General Oi () was a general who helped to found the Goguryeo, one of the Three Kingdoms of Korea.

Biography
Oi, Hyeopbo, Mari, and Jumong were associated as friends. Jumong made them his bodyguards during the time he was at the palace and Oi's career started from this point.

Meanwhile, the two sons of King Geumwa became jealous of Jumong's archery skills and Jumong was forced to leave Dongbuyeo along with his bodyguards. In 37 BC, Jumong became the first king of Goguryeo and reunited all of the five tribes of Jolbon into one kingdom. In 32 BC, Jumong sent General Oi and Bu Bunno (부분노, 扶芬奴) to conquer the Haengin state (행인국, 荇人國). Also, Jumong, along with Oi went to spy the Xuantu Commandery, and in order to escape, they killed approx. 500 soldiers.
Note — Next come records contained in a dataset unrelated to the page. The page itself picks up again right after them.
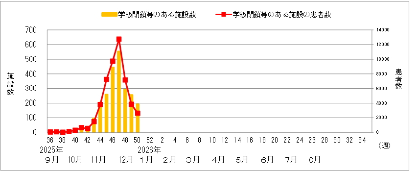 第50週に学級閉鎖等5のあった保育所・学校等は193施設、患者数は2,616名でした。
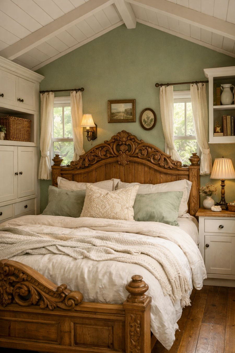 The bedroom offers a serene sanctuary, with its high ceilings and large windows that fill the room with natural light. An intricately carved wooden bed frame takes center stage, dressed in soft, luxurious linens that invite restful slumber. The sage green walls are adorned with delicate artworks and vintage accents, creating a cohesive and calming atmosphere. Built-in storage solutions maximize space without compromising on style, ensuring the room remains uncluttered and tranquil. This bedroom is a perfect blend of elegance and comfort, offering a peaceful retreat at the end of the day.
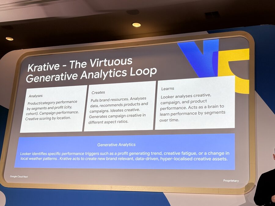 - 印象的だった事例:Overdose Digital の Krative。利益(profit)を一次メトリクスに据えて、Looker が変化を検知すると自律的に画像や動画クリエイティブを生成し、Meta などに配信していくループです。
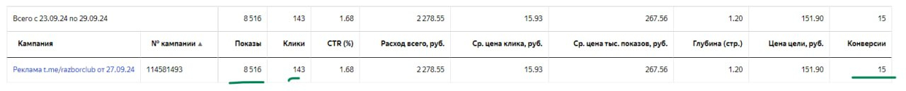 С 30.09.24 по 06.10.24 были следующие результаты:
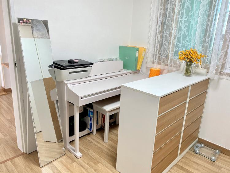 옷장과 화장대를 붙이면 공간이 조금 남는데요. 옷장 쪽에 벽을 살짝 띄워서 손님들이 올 때 펴는 이불 매트와 요가 매트, 폼롤러를 숨겨 놨어요. 그 밖에도 피아노 아래에는 책이 가득하고, 침대 밑에도 이불 수납하는 리빙 박스가 있고, 신발장도 창고로 사용하고 있어요. 좁은 집이라 수납공간을 잘 활용하려고 하고 있어요.
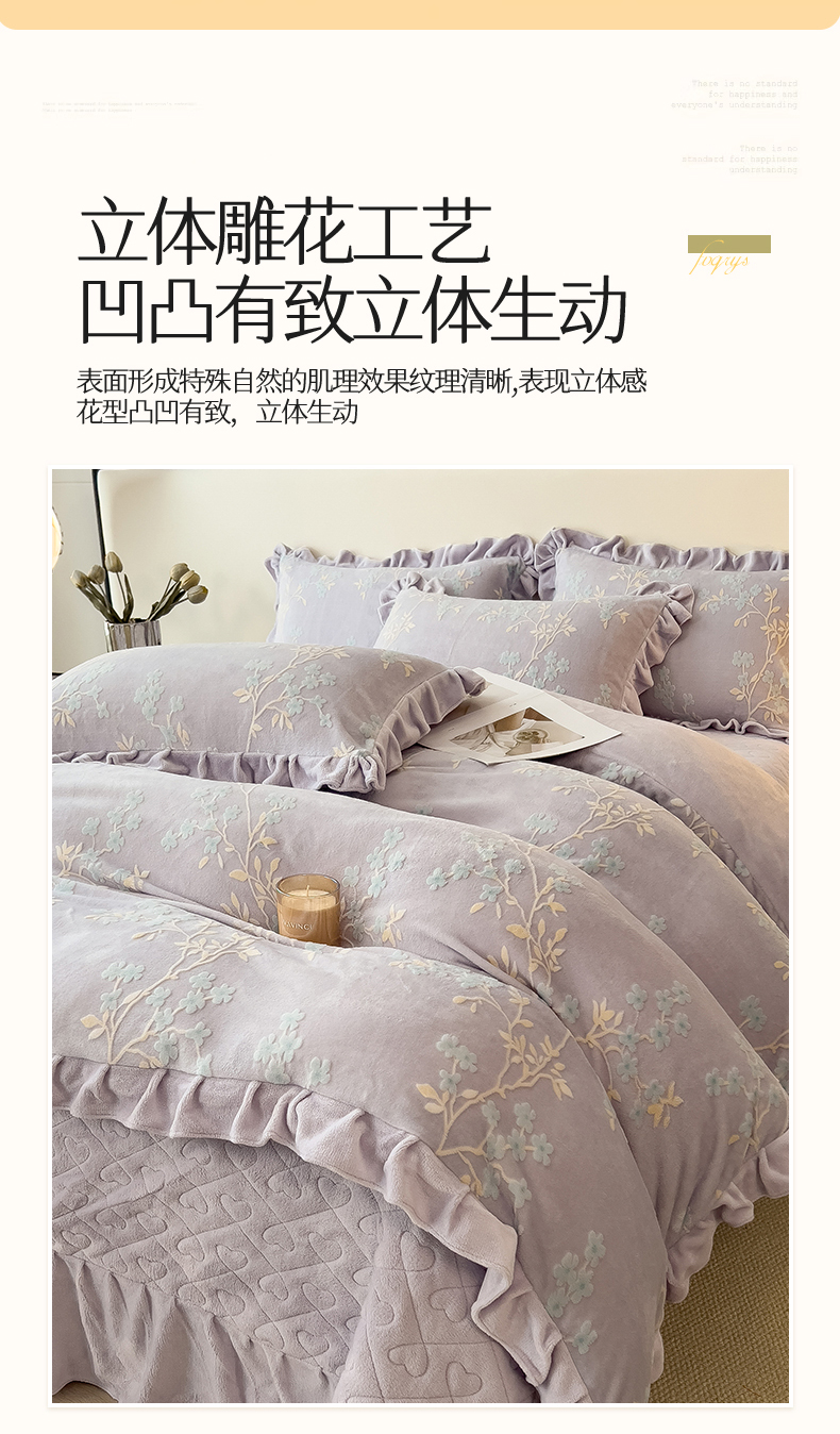(总)恒爱家纺 2025新款牛奶绒立体剪花床盖四件套-心魅,蝴蝶结-美人玉,心魅-浪漫紫,心魅-美人玉,心魅-天空蓝,心魅-象牙白

In 14 BC, he and Mari attacked the Yangmaek state (양맥국, 梁貊國), and Gaogouli County in Chinese Xuantu Commandery during the reign of King Yuri, second 
ruler of Goguryeo, and eldest son of the King Dongmyeong 
(Jumong).

Popular culture 
 Portrayed by Yeo Ho-min in the 2006-2007 MBC TV series Jumong.